Provided material
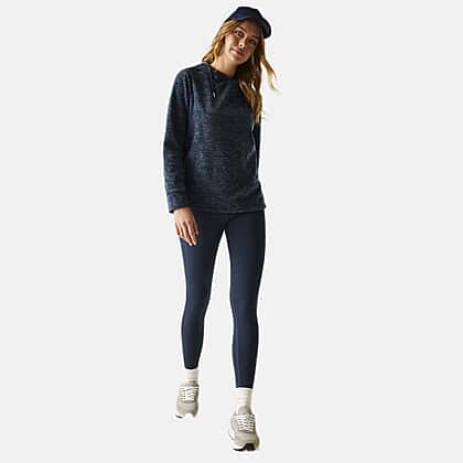 Choose understated style with the Regatta Mayse Women’s Fleece Hoody in navy, a versatile piece that works season after season. Designed in soft peached marl fabric, it offers lightweight warmth with a smooth, brushed finish that feels great against the skin. The hood, complete with cotton drawcords, brings relaxed practicality, while the curved hem adds subtle shaping. With recycled content in the blend, it’s a hoody that looks good and does good. Whether layered on breezy walks or worn indoors for easy comfort, this navy staple is the perfect everyday choice for relaxed dressing.
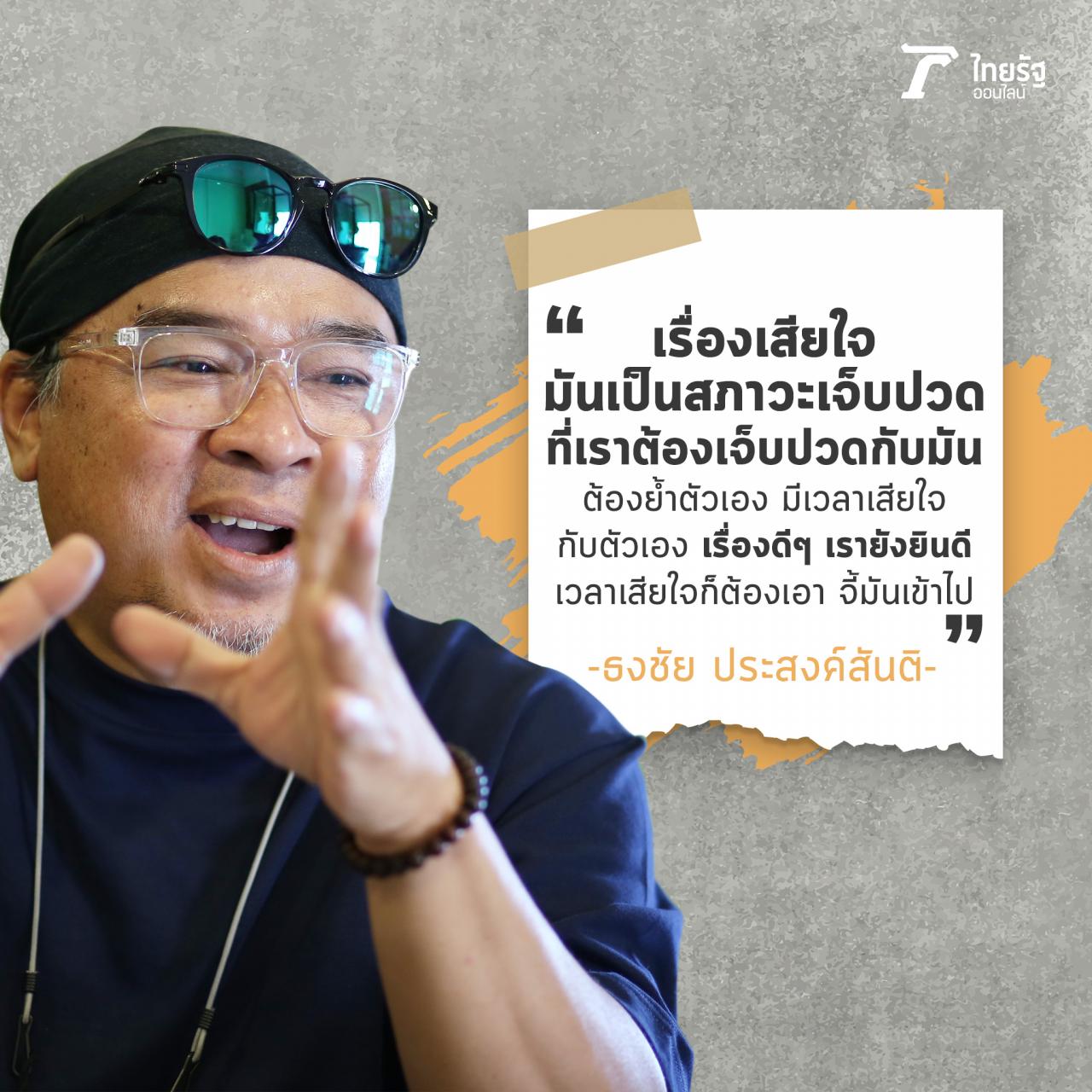 ยิ่งตอนที่พี่ตั้ว ศรัณยู เสียชีวิต ทำให้เรารู้สึกและมานั่งถามว่า ตัวตนจริงๆ ของธงชัยมีอยู่มั้ย ในชีวิตเรามีแต่การแสดง บางทีอยากพักบ้าง อยากเกษียณ (หัวเราะ) อยากหยุดนั่งมอง พวกเราทำงานหนักโดยที่ไม่รู้ตัว บ้างาน
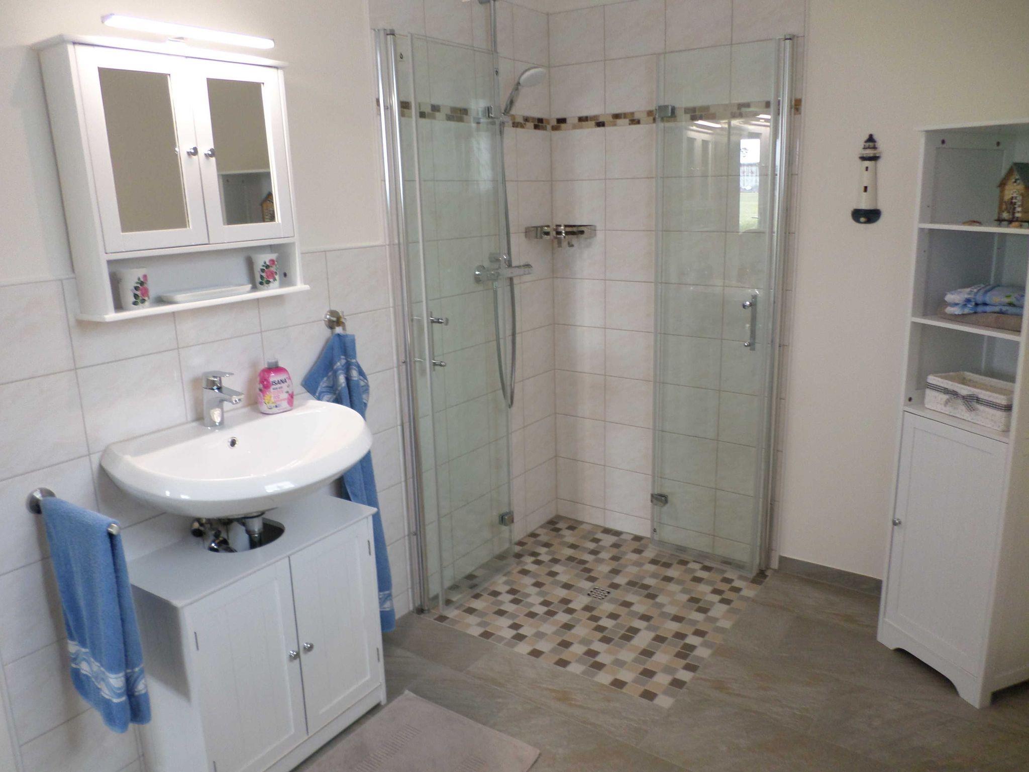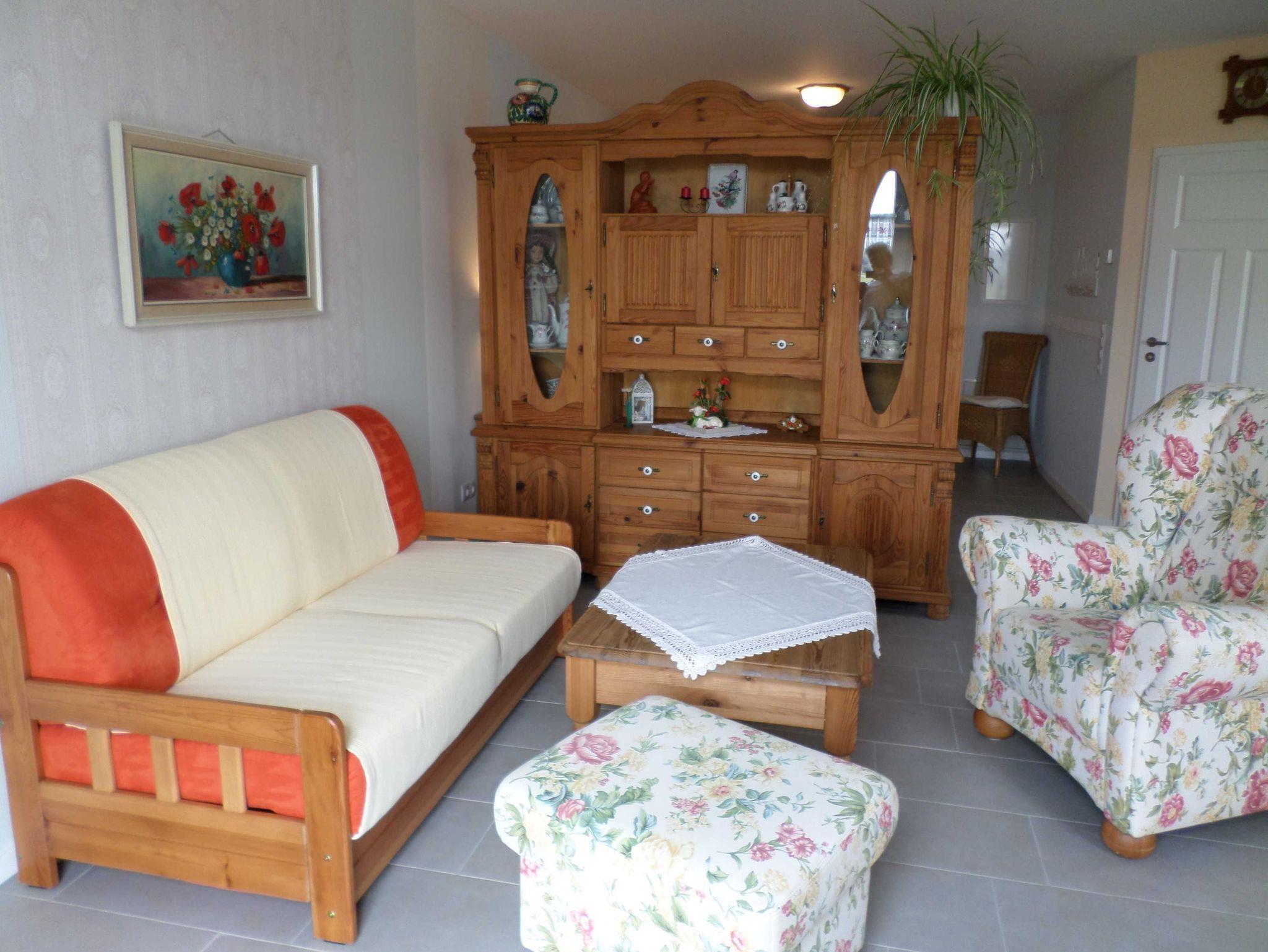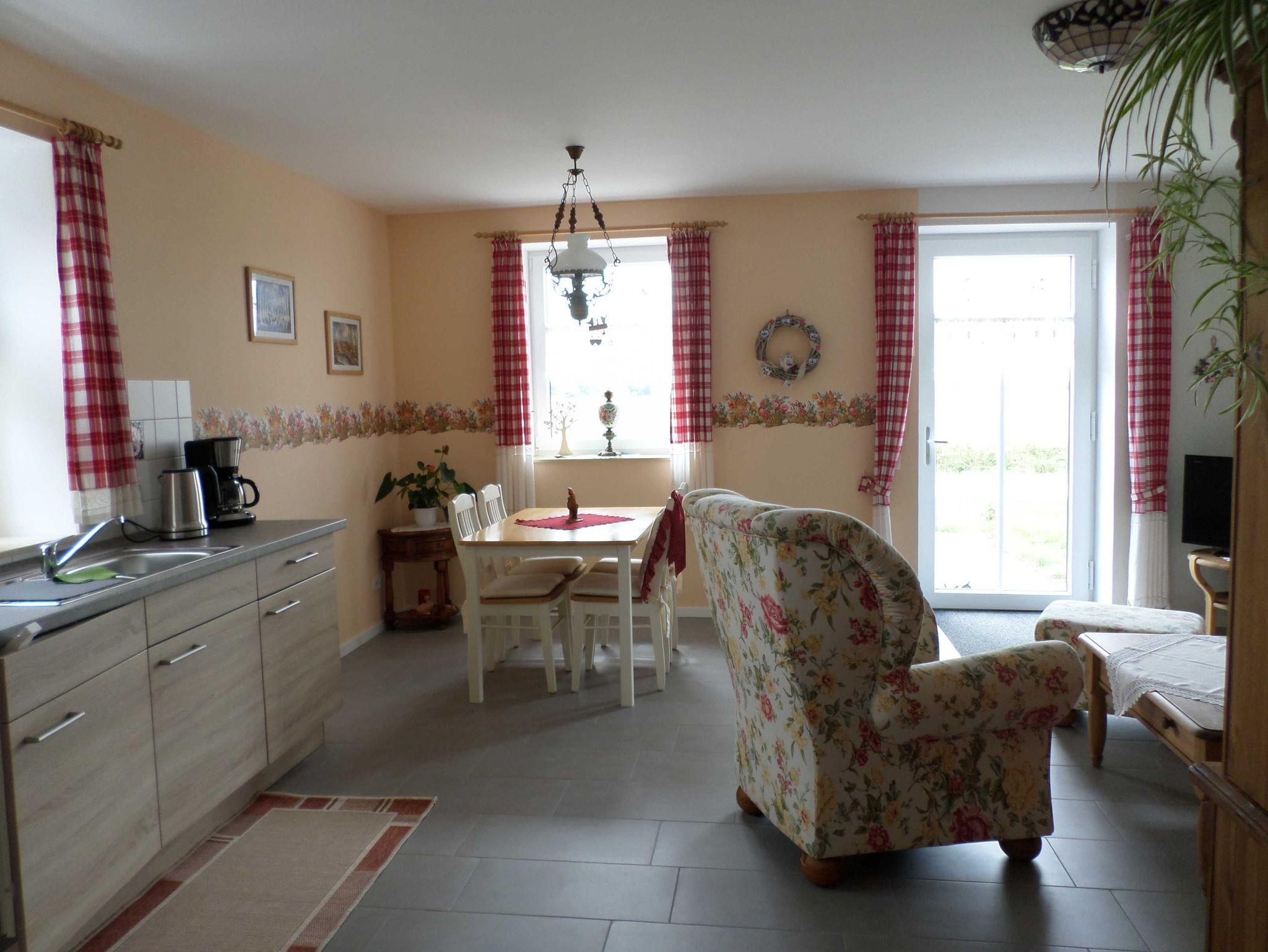 Schönes Apartment (1) für 2 Personen in gemütlich, eingerichtetem Landhausstil. Das Apartment verfügt über einen offenen Grundriss. Der Wohnraum besteht aus einer komplett ausgestatteten Küchenzeile mit Essecke und Flachbild-TV (SAT). Der Schlafraum ist abgetrennt mit Doppelbett. Das separate Bad hat eine ebenerdige Dusche und ein WC. Das Apartment ist für Allergiker geeignet, barrierefrei und mit Fußbodenheizung ausgestattet.

Exercise
Reproduce all of the data exactly; the pictures do not belong in the copy.

Response box
 Choose understated style with the Regatta Mayse Women’s Fleece Hoody in navy, a versatile piece that works season after season. Designed in soft peached marl fabric, it offers lightweight warmth with a smooth, brushed finish that feels great against the skin. The hood, complete with cotton drawcords, brings relaxed practicality, while the curved hem adds subtle shaping. With recycled content in the blend, it’s a hoody that looks good and does good. Whether layered on breezy walks or worn indoors for easy comfort, this navy staple is the perfect everyday choice for relaxed dressing.
 ยิ่งตอนที่พี่ตั้ว ศรัณยู เสียชีวิต ทำให้เรารู้สึกและมานั่งถามว่า ตัวตนจริงๆ ของธงชัยมีอยู่มั้ย ในชีวิตเรามีแต่การแสดง บางทีอยากพักบ้าง อยากเกษียณ (หัวเราะ) อยากหยุดนั่งมอง พวกเราทำงานหนักโดยที่ไม่รู้ตัว บ้างาน
 Schönes Apartment (1) für 2 Personen in gemütlich, eingerichtetem Landhausstil. Das Apartment verfügt über einen offenen Grundriss. Der Wohnraum besteht aus einer komplett ausgestatteten Küchenzeile mit Essecke und Flachbild-TV (SAT). Der Schlafraum ist abgetrennt mit Doppelbett. Das separate Bad hat eine ebenerdige Dusche und ein WC. Das Apartment ist für Allergiker geeignet, barrierefrei und mit Fußbodenheizung ausgestattet.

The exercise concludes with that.